Figure 8 presents a comparison of node voltages throughout the day using different control methods. The dotted lines correspond to the safe voltage limits. As shown, before the system optimization, the high PV penetration rate caused a significant voltage violation during the periods of high photovoltaic output (10:00–16:00), with the voltage peaking at 1.0841 p.u. at 14:00. From 20:00 to 24:00, due to heavier load, a voltage violation occurred below the lower limit. The overall voltage deviation was large, severely affecting the system’s safe and stable operation. After applying the method proposed in this paper, the voltage level during the noon period was significantly reduced, and the voltage level during the heavy load periods was increased, with overall voltage fluctuations reduced. In comparison with Method 1, the average action value aggregation method raised the overall voltage during 20:00–24:00, but failed to provide sufficient power support from 10:00–16:00, resulting in voltage violations above the safety limit at nodes 14 and 15 with PV integration. Compared to Method 2, although it also regulated the voltage back into the safe range, the overall voltage deviation was not as small as in the proposed method, and Method 2 required additional offline training after the agent in Topology 1 had been trained, leading to slower real-time decision-making compared to the proposed algorithm. In summary, the voltage control effect of the proposed method is superior, as the attention-based action value aggregation method effectively extracts key information that significantly influences the control of the distribution network. It identifies dynamic changes in the clusters of the substation agents caused by topological changes, thus guiding the Actor network to output strategies that adapt to topology variations.

Table 3 presents the voltage indexes and active network loss indexes after applying different control methods. These voltage indexes include the average voltage, maximum voltage, and minimum voltage. As shown in Table 3, the node voltage exceeded the limit severely before regulation, with the maximum voltage reaching 1.0842 p.u. Due to the minimal power flow between nodes under the uncontrolled strategy, the power loss on the transmission lines is relatively low. The proposed method achieves an average voltage closest to the voltage reference value of 1 p.u., and the active network loss only increased by 9.09%, which is less than that of Method 1 and Method 2, indicating better adaptability to topology changes.

Since the proposed method in this paper trains each agent offline, the online execution phase requires only the feedforward computation of the neural network, resulting in a runtime of 3.57 milliseconds, which meets the requirements for real-time control.

6. Conclusions

This paper proposes a multi-area collaborative optimization control method for distribution networks, considering topology changes.
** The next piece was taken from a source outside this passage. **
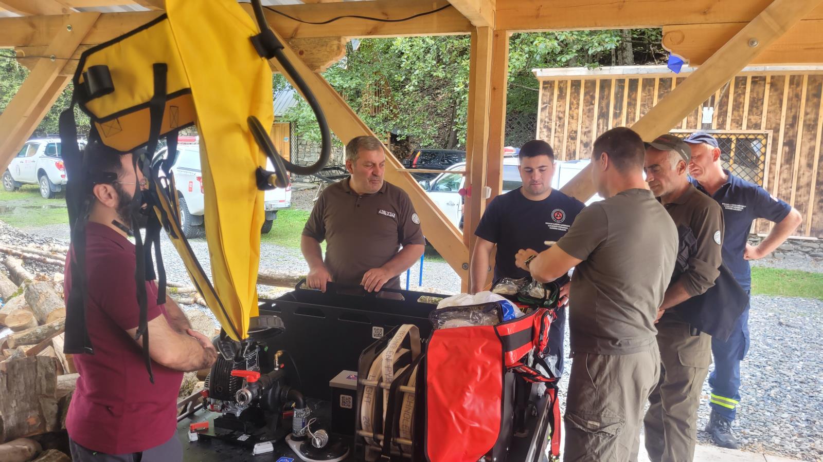 Druhou částí projektu byl nákup vybavení a zaškolení všech zúčastněných. Do dodávek materiálu se zapojili i výrobci z ČR. Pořízení materiálu zabezpečil a financoval UNDP s podporou MZV a HZS ČR poskytl lektory pro školení. Na základě požadavku UNDP byl připraven kurz kombinující problematiku požárů v přírodním prostředí a první pomoc. V září 2024 odjelo do Gruzie pět hasičů z HZS Olomouckého a Moravskoslezského kraje. Kurz byl rozdělen na dvě části. První část trvala čtyři dny a konala se ve městě Dusheti. Druhá část jen dva dny a probíhala v pohraniční vesnici Shatili. Během projektu byly všem zapojeným organizacím dodány prostředky pro hašení přírodních požárů a první pomoc. Stanice v Dusheti získala speciální terénní vozidlo SxS, hasicí modul, záchranářský modul pro převoz zachraňovaných, ruční nářadí pro hašení a prostředky první pomoci. Chráněná oblast a národní park získaly hasicí modul na pickup, ruční nářadí pro hašení a prostředky první pomoci. Obě organizace disponují vozidly Mitsubishi L200 pickup. Zajímavé je, že vozidla chráněné oblasti Aragvi byla pořizována v předchozích projektech podpořených ČR, a podařilo se tedy navázat na práci českých lesníků. Velice přínosnou byla spolupráce se zaměstnanci Ústavu pro hospodářskou úpravu lesů, kteří v oblasti Dusheti pravidelně působí v rámci svých projektů.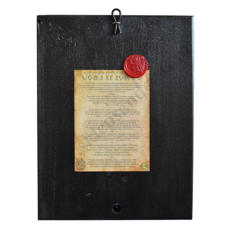 Ikona Matki Bożej Nieustającej Pomocy w wymiarze 18 x 23.5 cm. Ikona ręcznie wykonana na płótnie lnianym wklejonym w drewno. Tło ikony jest wykonane ze sproszkowanego złota. Grubość deski 2.4 cm.

Based on the Actor–Critic framework, the method models and solves the voltage regulation and loss optimization problem of distribution networks with multiple areas. A Critic network based on the attention mechanism was designed to enhance the scalability of the agent’s observation space in scenarios with topological cluster changes, allowing dynamic adaptation to changes of the cluster boundary. The main conclusions are as follows:

(1): Cluster division of distribution network based on electrical distance modularity index and power balance index can effectively simplify the scale of distribution network optimization problem, reduce the power flow between clusters, and realize distribution network voltage sub-cluster regulation.
(2): The action value aggregation method based on the attention mechanism proposed in this paper can effectively adapt to different topology change scenarios of distribution networks. The simulation results of the improved IEEE33 bus algorithm show that the proposed method significantly reduces voltage deviation and maintains low active network losses, keeping node voltages within the safety range under three topology change scenarios.
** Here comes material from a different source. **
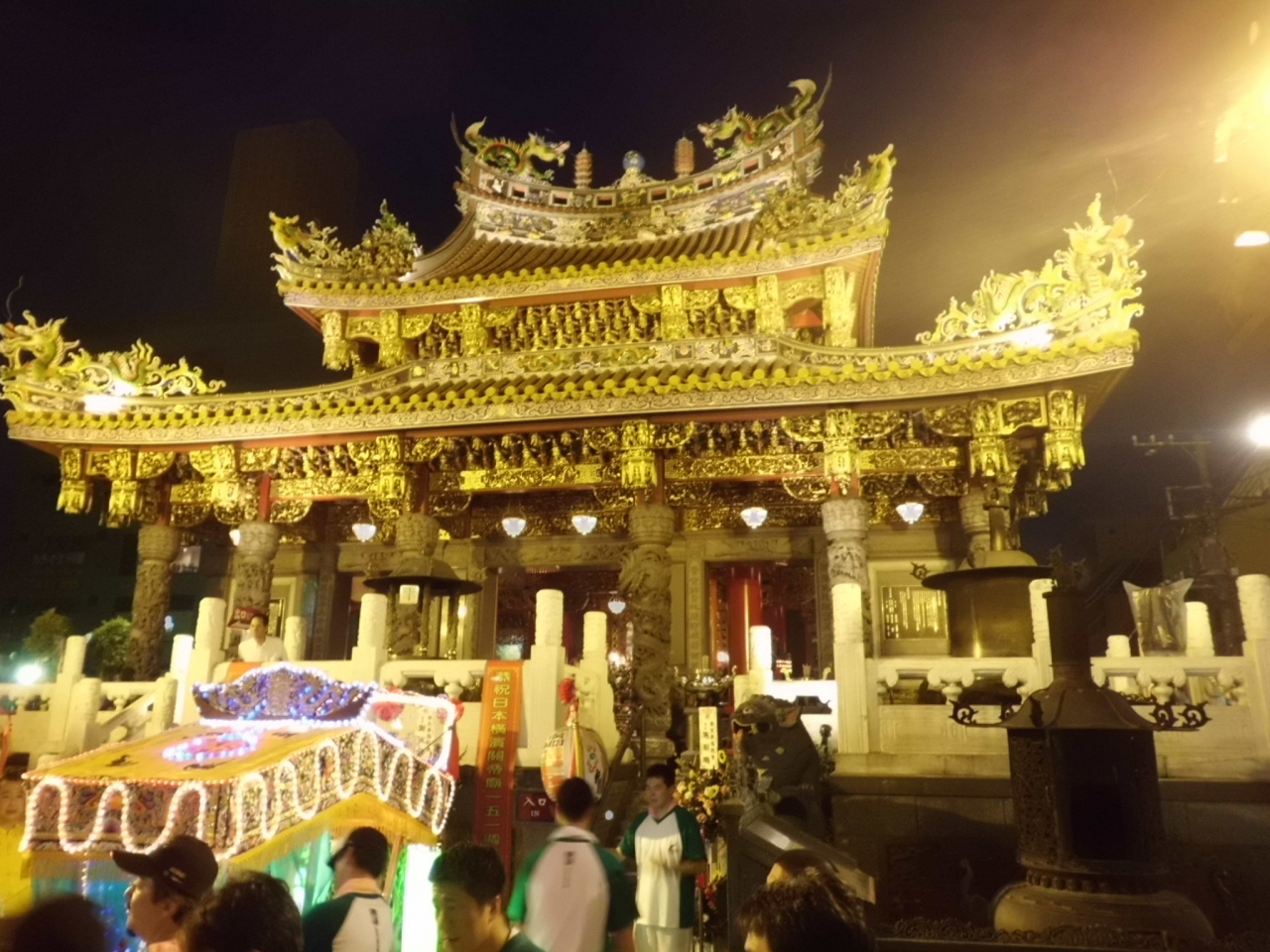 お盆で何やらお祭りがされていました。調べてみたら、關羽様をお乗せした神輿を中心に、獅子舞や龍舞、中国舞踊・京劇など中国伝統芸能のパフォーマンスも加わった巡行パレードで聖誕のお祝いをしていたようです。後ろについていったらこちらに着きました。爆竹がすごくて驚きました。

Concerning its applicability in distribution networks with a larger number of nodes, future research could apply a transfer-learning-based method. This method could fine-tune the pre-trained intelligent agent network with a small amount of data, thereby enhancing its generalization performance.

Author Contributions

Conceptualization, W.L. and X.M.; Data curation, Y.Z.; Formal analysis, W.L.; Funding acquisition, W.L.; Investigation, X.M.; Methodology, S.Y.; Project administration, S.Y.; Resources, S.Y.; Software, Y.Z.; Supervision, W.L. and X.D.; Validation, Y.Z.; Visualization, Y.Z.; Writing—original draft, W.L.; Writing—review and editing, Y.Z. and X.D. All authors have read and agreed to the published version of the manuscript.

Funding

This research was funded by ‘Research and application of key technologies for distributed photovoltaic intensive control in Huailai rural distribution network, grant number B3018K23000F’.
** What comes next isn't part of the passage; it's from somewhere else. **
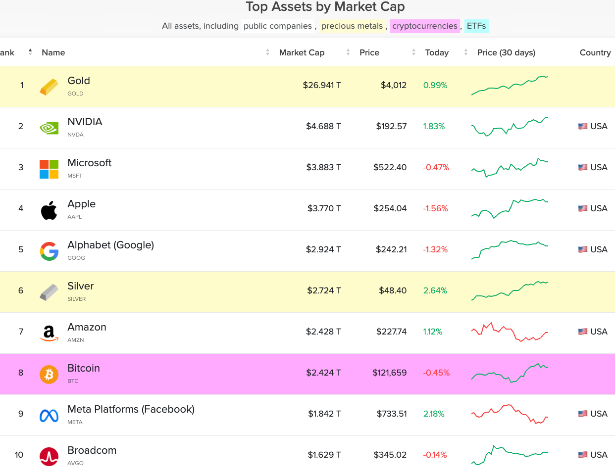 Last time I posted this chart, gold’s market cap was around $24T. It’s added trillions in just a few months and is up 50% YTD. Bitcoin’s sitting at $2.4T and climbing.

Data Availability Statement

Data are contained within this article.

Conflicts of Interest

Author Weichen Liang, Xinsheng Ma and Shuxian Yi are employed by the company Electric Power Research Institute, State Grid Jibei Electric Power Co., Ltd. The remaining authors declare that the research was conducted in the absence of any commercial or financial relationships that could be construed as a potential conflict of interest.

References

Li, P.; Ji, J.; Ji, H.; Jian, J.; Ding, F.; Wu, J.; Wang, C. MPC-Based Local Voltage Control Strategy of DGs in Active Distribution Networks. IEEE Trans. Sustain. Energy 2020, 11, 2911–2921. [Google Scholar] [CrossRef]
Chen, B.; Chen, C.; Wang, J.; Butler-Purry, K.L. Multi-time step service restoration for advanced distribution systems and microgrids. IEEE Trans. Smart Grid 2017, 9, 6793–6805. [Google Scholar] [CrossRef]
Lei, S.; Chen, C.; Li, Y.; Hou, Y. Resilient disaster recovery logistics of distribution systems: Co-optimize service restoration with repair crew and mobile power source dispatch. IEEE Trans. Smart Grid 2019, 10, 6187–6202. [Google Scholar] [CrossRef]
Pesaran, H.M.; Nazari-Heris, M.; Mohammadi-Ivatloo, B.; Seyedi, H. A hybrid genetic particle swarm optimization for distributed generation allocation in power distribution networks. Energy 2020, 209, 118218. [Google Scholar] [CrossRef]
Cavraro, G.; Arghandeh, R. Multistage robust unit commitment with dynamic uncertainty sets and energy storage. IEEE Trans. Power Syst. 2018, 33, 3500–3509. [Google Scholar] [CrossRef]
Liu, H.; Wu, W. Two-Stage Deep Reinforcement Learning for Inverter-Based Volt-VAR Control in Active Distribution Networks. IEEE Trans. Smart Grid 2021, 12, 2037–2047. [Google Scholar] [CrossRef]
Guo, G.; Zhang, M.; Gong, Y.; Xu, Q. Safe multi-agent deep reinforcement learning for real-time decentralized control of inverter based renewable energy resources considering communication delay. Appl. Energy 2023, 349, 121648. [Google Scholar] [CrossRef]
Su, S.; Zhan, H.; Zhang, L.; Xie, Q.; Si, R.; Dai, Y.; Gao, T.; Wu, L.; Zhang, J.; Shang, L. Volt-VAR Control in Active Distribution Networks Using Multi-Agent Reinforcement Learning. Electronics 2024, 13, 1971. [Google Scholar] [CrossRef]
Gao, Y.; Wang, W.; Yu, N. Consensus Multi-Agent Reinforcement Learning for Volt-VAR Control in Power Distribution Networks. IEEE Trans. Smart Grid 2021, 12, 3594–3604. [Google Scholar] [CrossRef]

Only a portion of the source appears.